Indian exporters hold off USD sales eyeing better returns, hurting INR

  • Indian exporters are holding back on USD sales on hopes of a further slide in the INR, eyeing a windfall as the local currency plumbs record lows in 2022.
  • The INR breached the 83 per USD mark in a dramatic fashion on 19 Oct 22, once the Reserve Bank of India stopped protecting it at 82.40 levels. It hit a record low on 20 Oct 22 and is expected to decline further to about 84.50 by the end of 2022.
  • Brokerages and bankers alike said they are advising their exporter clients to either hedge less or not at all, as predicting INR’s eventual normal range has become difficult, while the only certainty was that it would decline.
  • “We are advising exporters to hedge only partially, about 15%-20% of their exposure,” down from anything between 40%-60% during normal times, a treasury sales executive at a large private bank said.
  • The INR’s woes are many – the U.S. Federal Reserve remaining on its aggressive rate hike path, widening current and trade account deficits domestically and foreign investors continuing to dump risk assets on fears of a global recession.
  • A weaker INR will help exporters as it increases their earnings.
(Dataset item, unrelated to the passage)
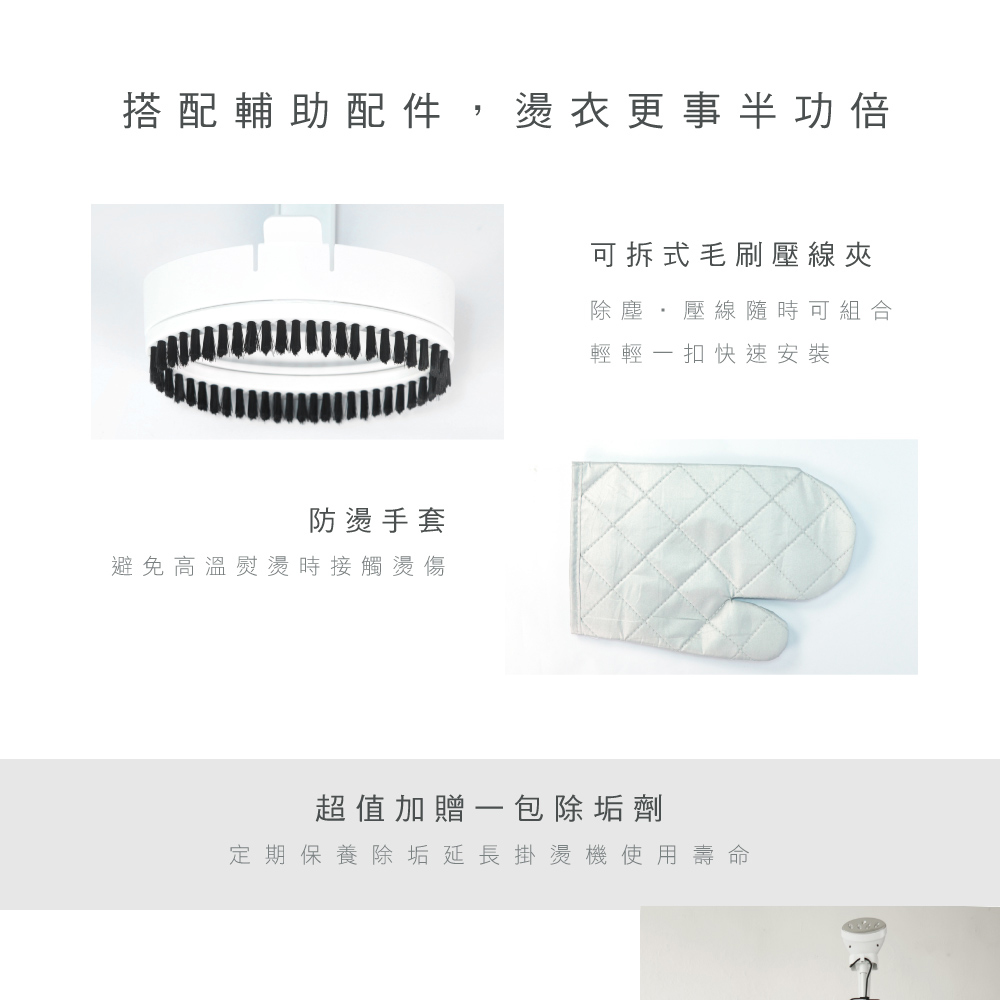 .配件:四段式伸縮桿架、毛刷壓線夾、掛勾支架、防燙手套、除垢劑

So with a steady fall seen ahead, they prefer to hold on to their USD for longer.
  • To protect the INR from sharp falls, the RBI has been intervening in both the spot and forward markets.
  • The buy/sell swaps in the forward market has led to a fall in forward premiums to their lowest in more than a decade, turning USD sales even more unattractive.
  • USD/INR 1-year forward implied yield currently stands at 2.45%, declining from 3.07% earlier Oct 22 and down sharply from 4.75% at the start of 2022. The declining premium has created a shortfall in USD supply, further hurting the local unit.
  • The INR has depreciated nearly 12% against the USD, almost in line with its Asian counterparts.